I just picked up my new woodstove tonight. Its a Quadrafire 4300 Steptopcensored: $). Its going in the basement of the new house in anticipation of the heat warming the floor and rising through the stairwell and a few vents. We purposely had the chimney centrally located so as to maximize the amount of heat radiated, and distributed more evenly.


----------



## Basso (Oct 7, 2008)

Hello,
I have a Regency Hearthstove sitting on my fireplace hearth. They are made for that application. They are not as deep as a regular free-standing woodstove. All the stove is out in the room, unlike a fireplace insert. I have a fan on mine and the stove works great !!!!! Go to their website and check them out !!!!

Basso


----------



## chainsawaddict (Oct 7, 2008)

This may sound odd, but what about "plugging" the fireplace and running stove pipe into the chimney above the hearth?


----------



## Mike Van (Oct 8, 2008)

chainsawaddict said:


> This may sound odd, but what about "plugging" the fireplace and running stove pipe into the chimney above the hearth?



That would be the way to go, but most don't have a thimble above them. You'd have one supersize mess cutting through the wall, then the block, brick, stone, etc. to get to the flue pipe & install it. Haywire, I don't have any pics of mine, but for years I had a Lakewood box type stove. It sat outside the f.p. [had to extend the hearth] A short pipe off the back, then a 90, then about 2' of 6" pipe to get above the smokeshelf. I took the damper plate right out, made up 2 steel plates to go on either side of the 6" pipe. It worked fine, but was a pain in the a** to clean the chimney.


----------



## LTREES (Oct 8, 2008)

chainsawaddict said:


> This may sound odd, but what about "plugging" the fireplace and running stove pipe into the chimney above the hearth?

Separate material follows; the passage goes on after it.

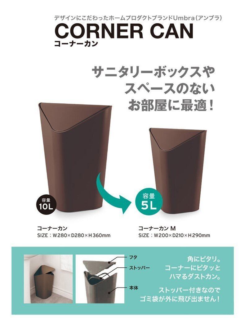 【新着商品】【umbra】 ゴミ箱 コーナーカン ブロンズ 5L ふた付き 角型 ペール ダストボックス
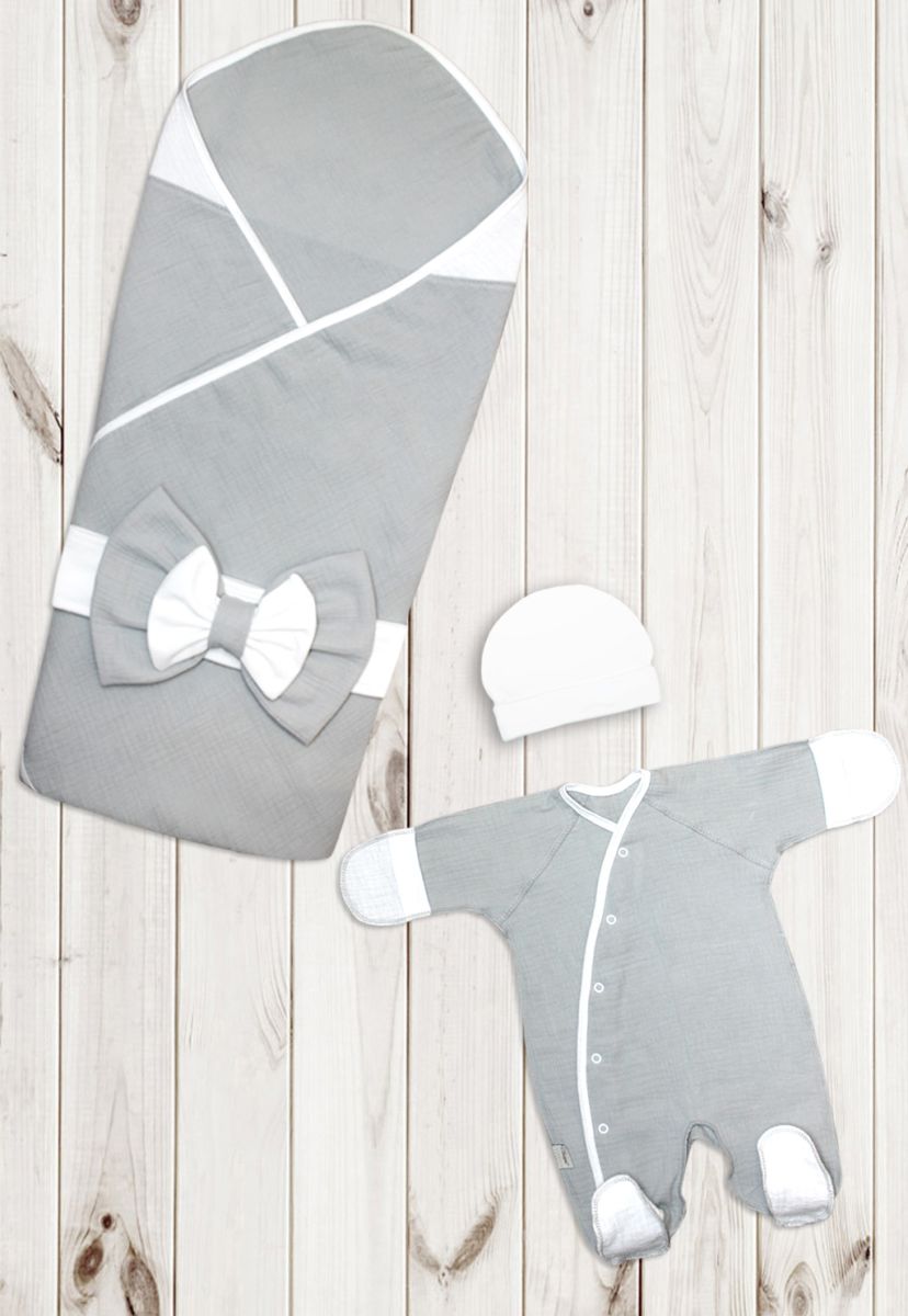 Комплект на выписку Балуша «Мой любимчик» – набор из 4 предметов, идеально подходящий для выписки в летний период. В комплект входит: плед 90х90см, комбинезон, рукава с отворотами-царапками, шапочка и бант на липучке для торжественного вида.

We did that back on the farm in 2 fire places. the stove sets in the room a bit. no fan, useinsulation around the flue after you run the pipe up.


----------



## kevin85 (Oct 8, 2008)

Here is a pic of mine....Avalon Olympic stove in fireplace. We pulled it out as much as we could to be within codes. Since the pic was taken, wood no longer sits on the hearth for safety reasons.


----------



## Wood Doctor (Oct 8, 2008)

Haywire Haywood said:


> Anyone running a free standing stove on a fireplace hearth? How's it working out? I'd like to see some pictures if you have'em. Thanks.
> 
> Ian


Ian, I really like the way my Federal Airtight 288 wood stove works in my fireplace in the lower level of the house. Here it is from a distance:





And here's a close up shot:





It's running right now. Temp hit 39 F last night and I thought I would take the chill off the air until passive solar kicks in. This stove heats the whole downstairs of the house and abot half the upstairs. Good efficiency, nearly all cast iron. I cook on the top and made a steak grill for it when I swing open the front doors. Most of the time they are closed and I load wood in from the side.


----------



## BrotherBart (Oct 8, 2008)

My Englander 30-NCL is mounted half in and half out of the fireplace and does a good job. If the blower quits it will be a pain because it is mounted on the rear heat shield.


----------



## aspen jack (Oct 8, 2008)

*free standing stove in fireplace*

I burn a harmon oakwood stove in my fireplace with a ss chimney liner--works great. Am still working on making it look better.


----------



## fletcher0780 (Oct 8, 2008)

Here's mine, a Hearthstone Phoenix. I also have an Efel in my finished basement, but I suspect neither one will see any use this year with my new OWB and near unlimited access to wood  






FYI, both stoves work really well. The Efel goes through more wood, but throws some series heat, and is very convenient with the top load door. The Hearthstone gives a more sustained even heat. I will not miss hauling wood inside, all the dust, and the constant sweeping, but I suspect they will see more use down the line for those special occasions. Right now I just can't justify burning in them after the butt load of money invested in the OWB and the several hours I spent cleaning each stove at the end of last Winter. Good luck with your install.


----------



## aspen jack (Oct 8, 2008)

wood doctor,

I like the look of your screen behind your stove,did you make it or have it made?

what is it made of?


----------



## Agnes (Oct 8, 2008)

Here are some pics of the new stove, I had to build out the hearth in order for the Jotul to fit. What a difference this stove makes! 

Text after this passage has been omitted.